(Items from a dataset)
┏━━

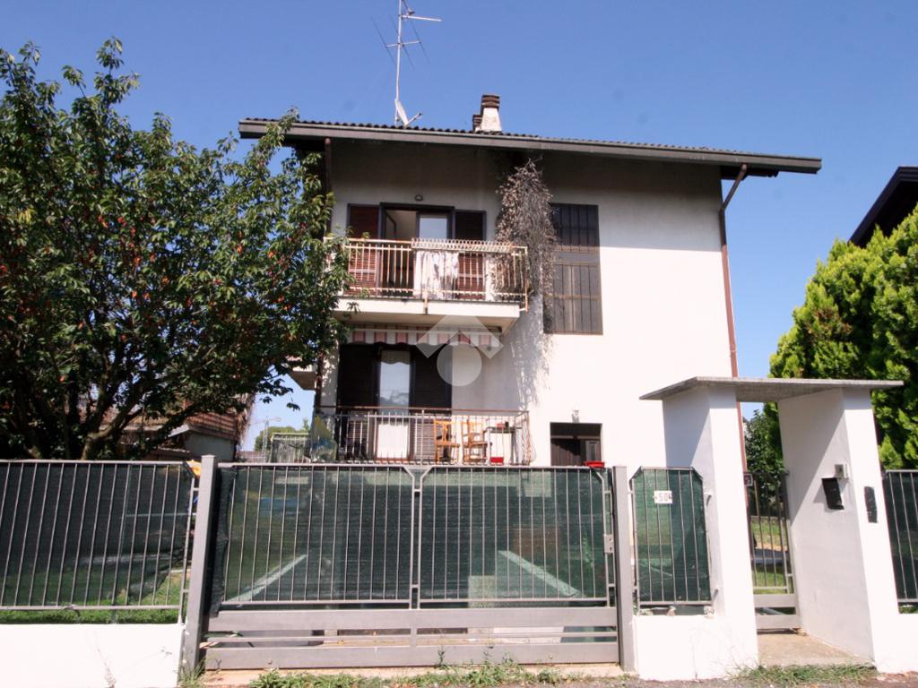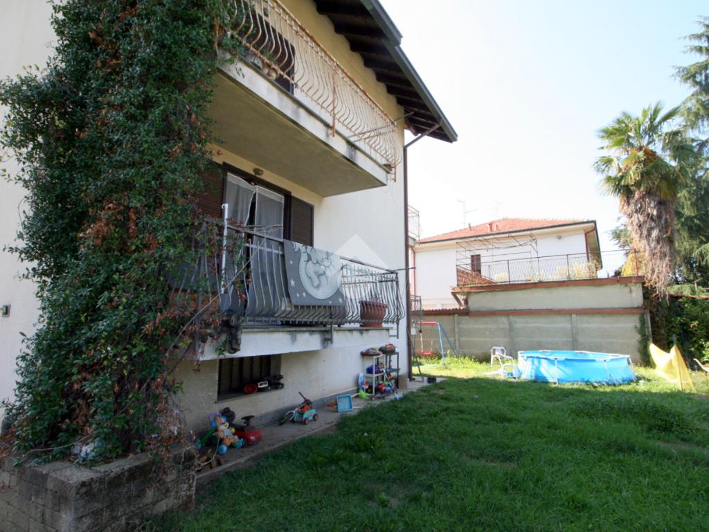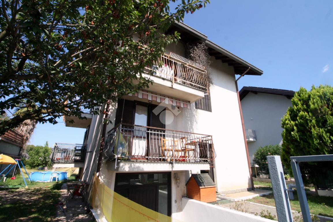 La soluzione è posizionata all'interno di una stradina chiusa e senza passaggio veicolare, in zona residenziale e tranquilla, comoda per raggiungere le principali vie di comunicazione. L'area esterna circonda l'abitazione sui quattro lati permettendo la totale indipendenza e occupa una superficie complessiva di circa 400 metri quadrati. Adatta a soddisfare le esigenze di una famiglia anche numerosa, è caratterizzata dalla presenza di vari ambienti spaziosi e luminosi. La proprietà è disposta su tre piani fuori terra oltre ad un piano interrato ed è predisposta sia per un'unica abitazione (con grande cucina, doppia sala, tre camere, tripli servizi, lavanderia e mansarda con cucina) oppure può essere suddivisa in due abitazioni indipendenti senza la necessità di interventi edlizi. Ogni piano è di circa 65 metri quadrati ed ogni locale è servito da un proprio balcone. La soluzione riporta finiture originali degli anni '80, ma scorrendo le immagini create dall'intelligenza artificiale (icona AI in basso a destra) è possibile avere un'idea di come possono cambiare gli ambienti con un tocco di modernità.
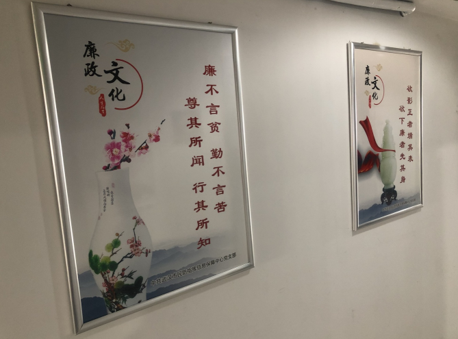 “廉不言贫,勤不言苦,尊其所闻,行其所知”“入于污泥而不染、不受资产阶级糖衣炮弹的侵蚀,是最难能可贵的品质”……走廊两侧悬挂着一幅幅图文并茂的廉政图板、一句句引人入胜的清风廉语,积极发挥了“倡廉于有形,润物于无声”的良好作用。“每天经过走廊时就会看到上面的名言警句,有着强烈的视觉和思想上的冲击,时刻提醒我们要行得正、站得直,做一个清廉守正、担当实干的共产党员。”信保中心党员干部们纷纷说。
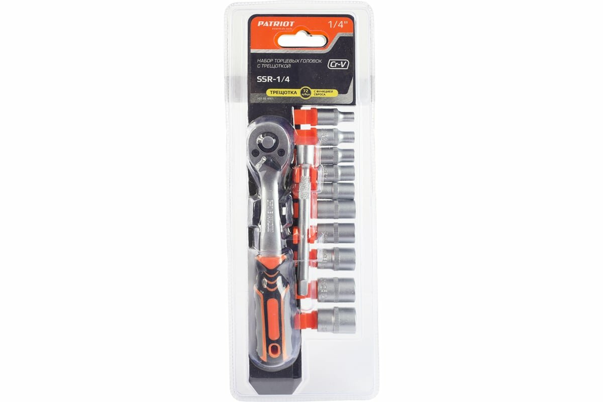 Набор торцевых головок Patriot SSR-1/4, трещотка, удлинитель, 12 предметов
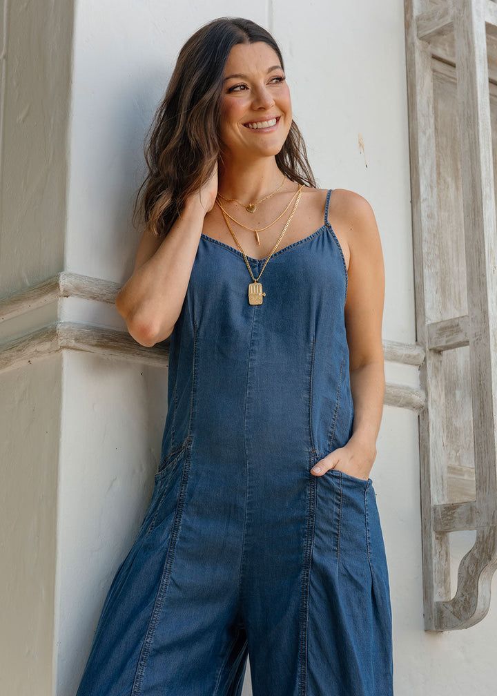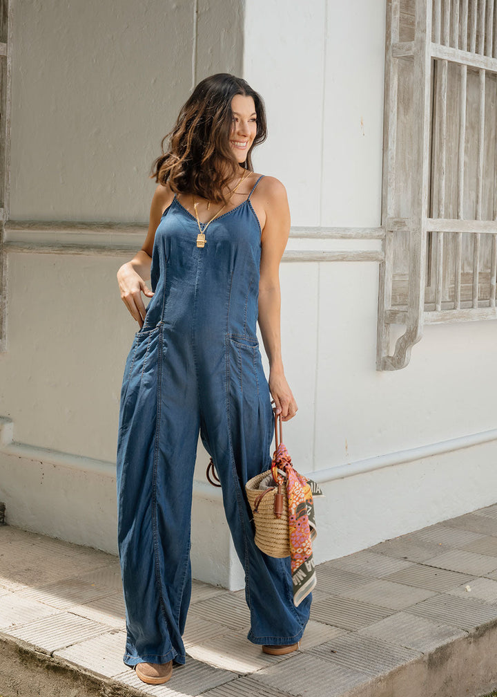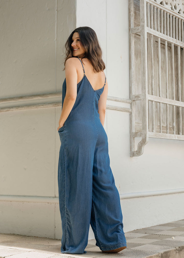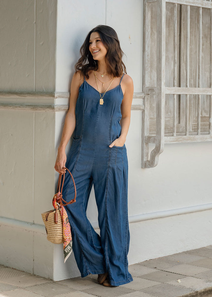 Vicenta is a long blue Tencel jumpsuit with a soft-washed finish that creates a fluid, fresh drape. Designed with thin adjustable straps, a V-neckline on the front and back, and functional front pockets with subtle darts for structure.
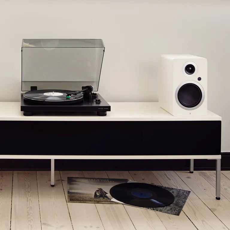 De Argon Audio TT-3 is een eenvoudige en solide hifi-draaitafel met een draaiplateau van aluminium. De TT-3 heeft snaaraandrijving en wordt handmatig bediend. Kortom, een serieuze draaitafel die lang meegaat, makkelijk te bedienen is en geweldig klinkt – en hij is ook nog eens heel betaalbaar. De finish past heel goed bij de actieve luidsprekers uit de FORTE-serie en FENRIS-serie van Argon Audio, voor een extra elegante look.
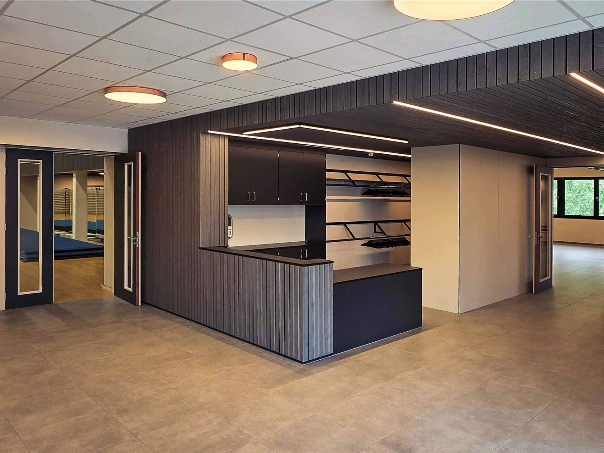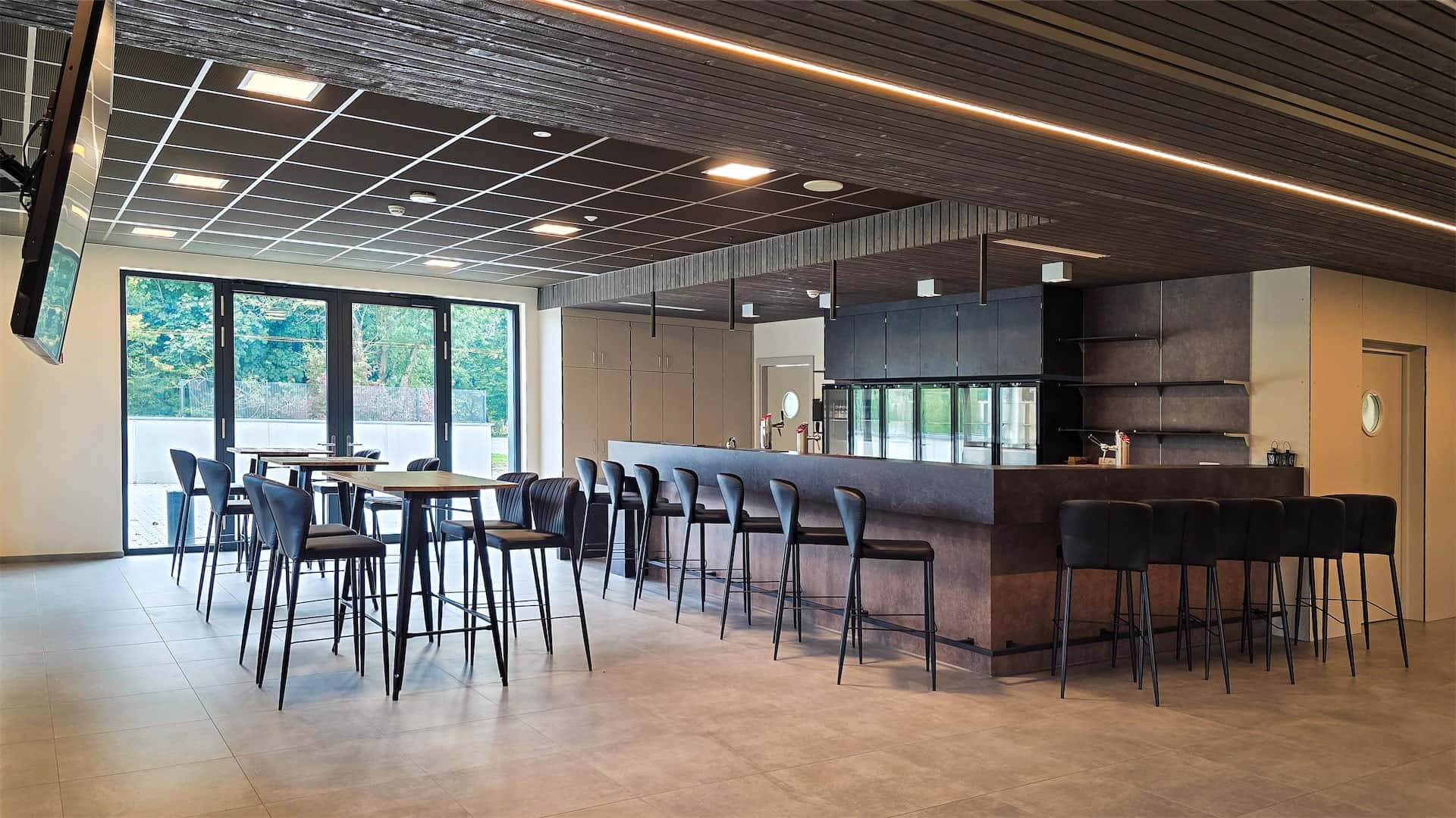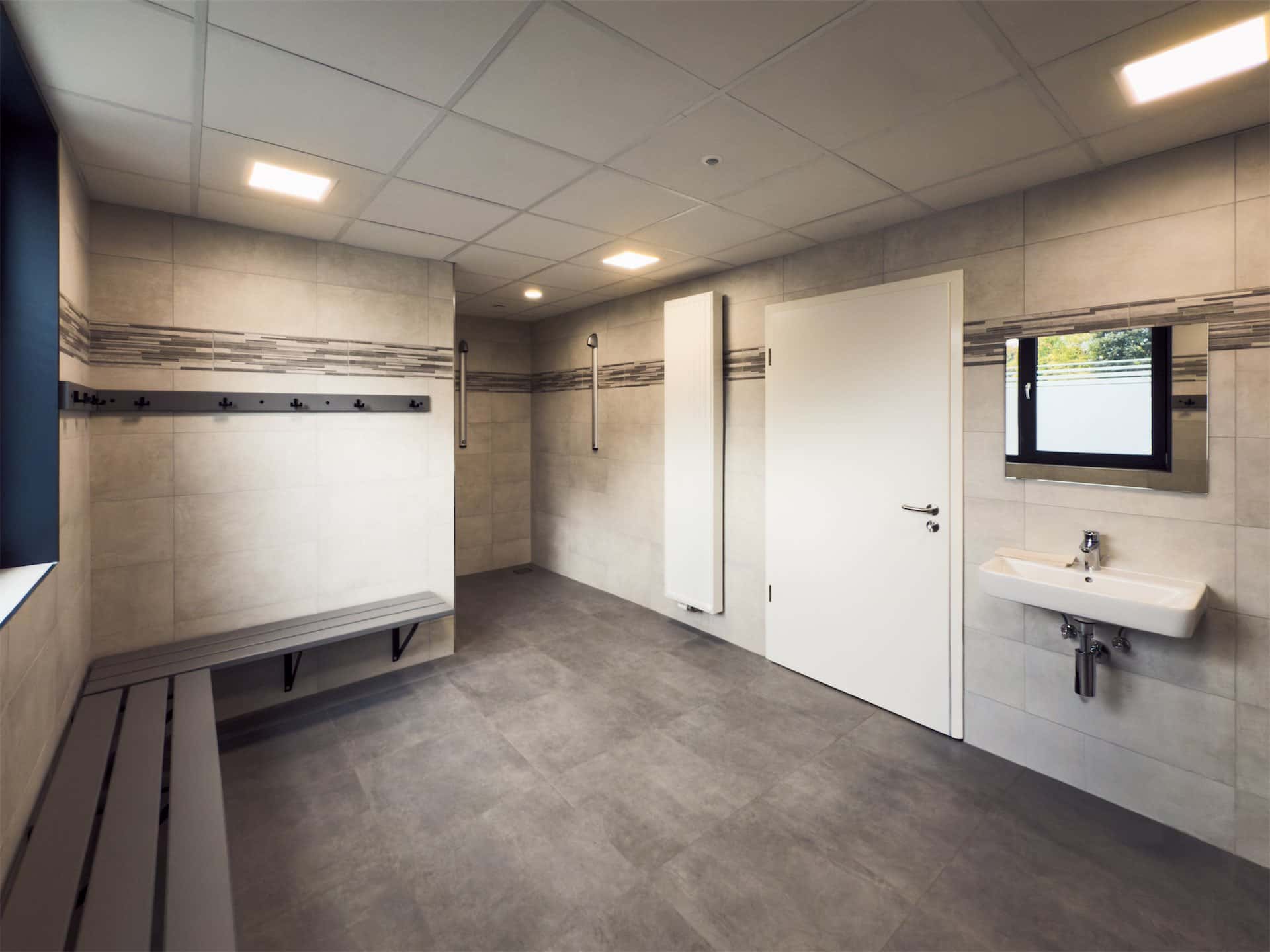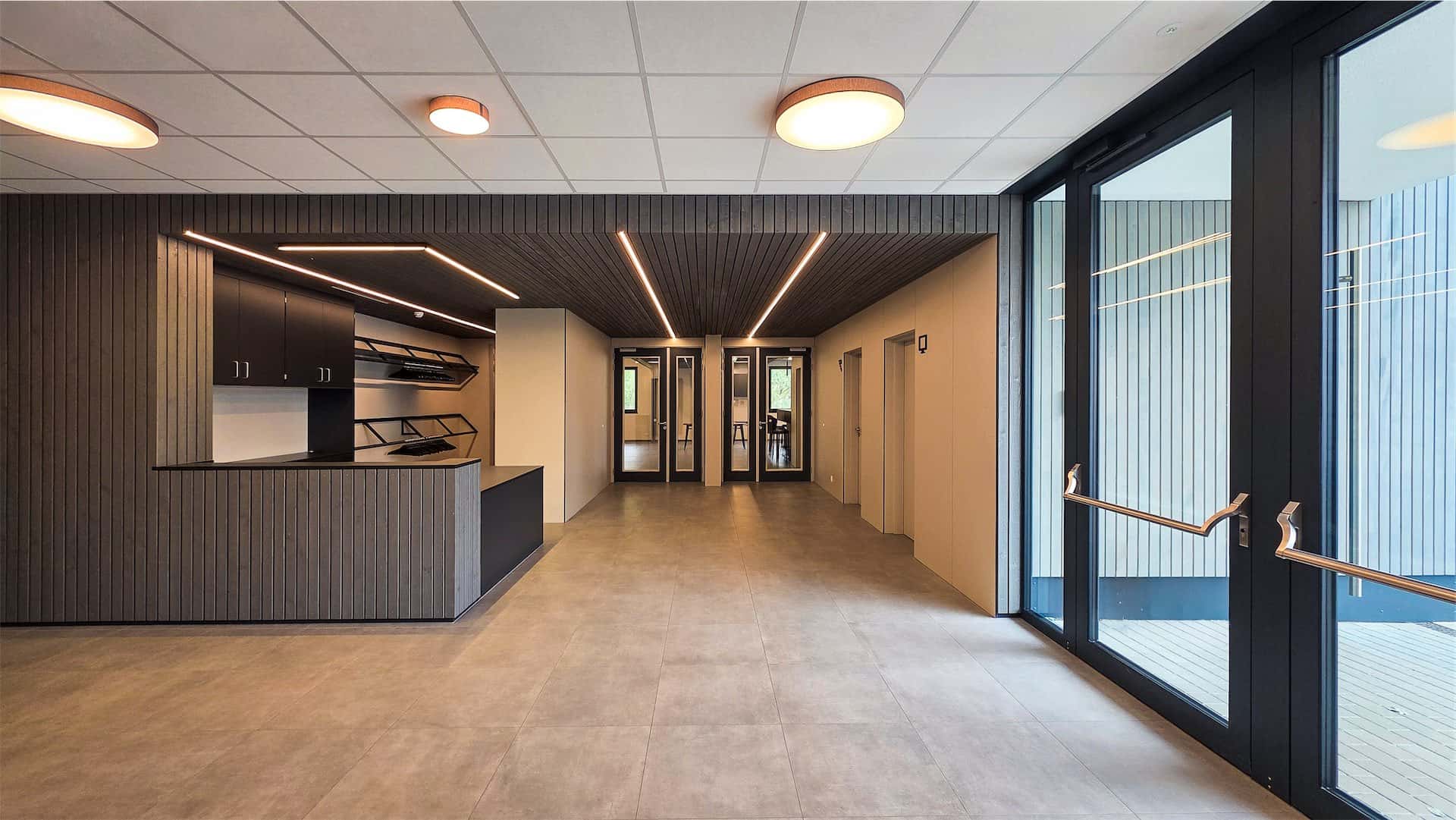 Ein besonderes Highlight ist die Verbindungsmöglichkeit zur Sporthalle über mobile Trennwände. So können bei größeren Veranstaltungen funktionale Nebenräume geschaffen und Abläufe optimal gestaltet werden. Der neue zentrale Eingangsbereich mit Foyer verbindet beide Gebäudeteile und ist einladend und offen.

┗━━

■ BRIEF ■
When you reach the line with "Набор торцевых головок" in the records above, start writing out each line exactly, and stop after the line with "Vicenta is a". Pictures stay out.

■ EXERCISE RESPONSE ■
 Набор торцевых головок Patriot SSR-1/4, трещотка, удлинитель, 12 предметов
 Vicenta is a long blue Tencel jumpsuit with a soft-washed finish that creates a fluid, fresh drape. Designed with thin adjustable straps, a V-neckline on the front and back, and functional front pockets with subtle darts for structure.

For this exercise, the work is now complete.